Los asturianos de más de 65 años viven el confinamiento con serenidad. Su mayor preocupación no es su propia salud, sino el futuro de sus hijos

INFORMACIÓN DE AZAHARA VILLACORTA, MARTA VARELA, ALEJANDRO FUENTE, GLORIA POMARADA, JUAN VEGA, ROSALÍA AGUDÍN, ANDREA ARRUÑADA, ALICIA G-. OVIES Y ALEJANDRO JAMBRINACHELO TUYA

Domingo, 26 de abril 2020, 03:09

De la guerra acuérdome como si fuera hoy. Veía la aviación todos los días. Y, desde aquella, no hubo ningún espantu parecidu». Lo dice Josefa Delmiro. Una naveta afincada en la localidad sierense de Granda que, a sus «92 años para 93», conserva una lucidez y una memoria envidiables. Pero también lo piensa Juana Moreno, a la que parieron en Córdoba hace 82 años, pero que desde los siete años es más de Tuilla que el prau de la jira, aunque tenga piso en Gijón, para estar cerca del hijo y la nieta. «Esto no es una guerra como la otra, con armas y bombas, pero sí muy dura».

Los asturianos que copan la pirámide poblacional, los que han cumplido (y rebasado) los 65 años viven el confinamiento con serenidad y seriedad. Todos tienen miedo al contagio, pero, sobre todo, Josefa, Juana, Ángel, Gervasio, Encarnación, José Antonio, Pilar, Gonzalo y el matrimonio formado por Ignacio y Ángeles, tienen miedo al futuro de sus hijos. Y así se lo cuentan a EL COMERCIO. Desde su encierro.

«No salgo de casa desde el día en que se decretó el confinamiento», asegura Ángel González, Gelito, el histórico esquiador de Pajares, miembro de Los Galgos, los impulsores de la estación invernal lenense. En Pola Lena vive y, a sus 77 años, lanza un mensaje claro: «Hay que seguir adelante».

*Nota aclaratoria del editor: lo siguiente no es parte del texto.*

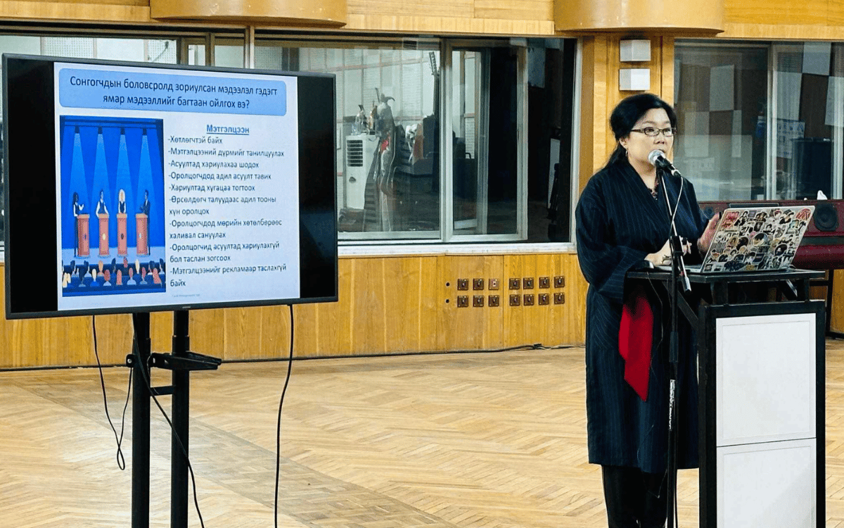 Сургалтаар ардчилсан сонгууль яагаад хэрэгтэй эсэх, сэтгүүлчдийн аюулгүй байдал, хиймэл оюун ухааны хэрэглээ сонгуулийн үр дүнд хэрхэн нөлөөлөх, хэвлэл мэдээллийн хэрэгсэл хуулийн хүрээнд сонгуулийн сурталчилгаа нэвтрүүлэхэд юунд анхаарах вэ зэрэг сэдвийн хүрээнд мэдээлэл өгөв.

Lo hace él manteniendo una rutina diaria que consiste en levantarse «no muy pronto. Luego desayuno, veo la tele un rato y leo algo. Ya, después de comer, vemos en casa alguna película y hago algunos ejercicios con las piernas y camino un poco por el piso». Un ejercicio obligatorio porque se recupera de un ictus que sufrió en 2017.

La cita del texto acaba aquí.